Schlesinger dressed like an "overly Prussian": He wore breeches, boots, a leather coat and an officer's cap. He regularly took money, valuables and sexual favors in exchange for protection from deportation or for a "better" deportation destination, such as Theresienstadt instead of Auschwitz. He managed the black market in the camp and ordered the deportation of competing prisoners. Etty Hillesum, a contemporary witness and Auschwitz victim, described Schlesinger as "the right hand" of the camp commandant SS-Obersturmführer Albert Konrad Gemmeker. On deportation days, he and the SS guards appeared on the platform to supervise the transports. Adolf Eichmann said of the Dutch deportations at his trial in 1961: "The trains ran like a dream."

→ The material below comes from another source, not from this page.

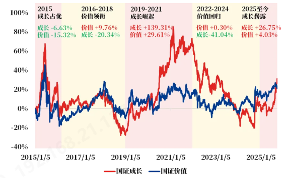 数据区间:2015/1/1-2025/9/26。使用国证价值指数(399371.SZ)代表价值风格,使用国证成长指数(399370.SZ)代表成长风格。上图区间分别选取:2015/1/1-2016/1/28,2016/1/29-2019/1/3,2019/1/4-2021/12/13,2021/12/14-2024/12/31,2025/1/1-2025/9/26。历史不代表未来,投资须谨慎。
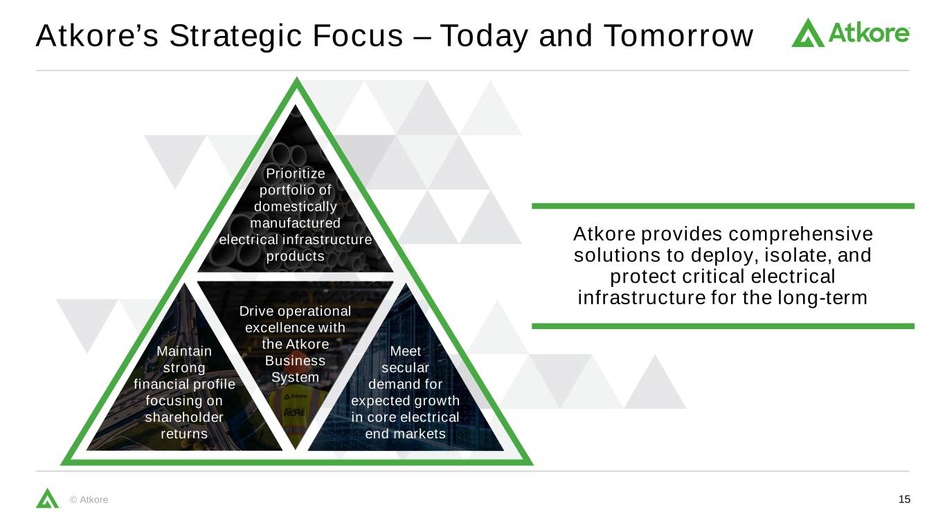 14© Atkore Expansive End Market Use Supports Resilience En d M ar ke ts b y Es t. Si ze 1 $0B - $50B $50B – $100B $100B + Es t. FY 2 02 6 G ro w th H ig h U se D en si ty P ro du ct s • HDPE Conduit • Cable Tray • PVC Water • HDPE Pressure Piping • Steel Conduit • Metal Framing • Wire Basket & Cable Tray • PVC Conduit • Fiberglass Conduit • PVC Conduit • Steel Conduit • Armored Cable • Metal Framing • Cable Management • PVC Conduit • Steel Conduit • Armored Cable • Metal Framing • Cable Management • Armored Cable • Steel Conduit • Metal Framing • PVC Conduit • Steel Conduit • Fiberglass Conduit • Metal Framing • PVC Conduit • Steel Conduit • Armored Cable • Metal Framing • Cable Management • PVC Conduit • Steel Conduit • Armored Cable • Metal Framing • Cable Management Multi-Family: • PVC Conduit • Steel Conduit • Armored Cable • Metal Framing • Cable Management Single Family: • PVC Conduit 1. Put in place construction spending as reported by the U.S. Census Bureau as of July 2025 Source: US Department of Commerce; Dodge Construction Network; Baird and tED Magazine; Company analysis and estimates Atkore’s broad portfolio complimented by superior service and a national distribution network supports growth across diverse construction end markets; the diversity of end-market use enables resilience in fluctuating market conditions Data CenterMunicipal Water Office EducationHealthcare ManufacturingWarehouse ResidentialTelecom Power Utilities

On 11 April 1945, Gemmeker transferred the camp management to Oberdienstleiter Schlesinger, who on the same day handed it over to Adrianus van As, a non-Jew who had been in charge of food management in the camp since 1942. The Westerbork transit camp was liberated the next day by Canadian Army troops. The SS had destroyed the deportation lists in the days before, but Schlesinger hid a copy of them and gave them to the Allies. In 1946, proceedings against Schlesinger and other prisoner functionaries began, but were stopped. In the 1949 Gemmeker trial before the Leeuwarden Special Court, where defense witness Schlesinger testified on his behalf.

== Flight ==
Schlesinger and his wife Thea emigrated by ship from Rotterdam to New York on 19 January 1951. Schlesinger's location was only found out in 1973 by investigators in the second trial against Gemmeker. According to his wife, Schlesinger died in 1964. In addition, Thea Schlesinger refused to testify against Gemmeker in the German consulate. She died in 2002 in Jacksonville, Florida.

As a prison officer of the corrupt German Jewish security service at the Westerbork transit camp, Schlesinger is considered to have been actively involved in the deportation and murder of more than 100,000 Jews.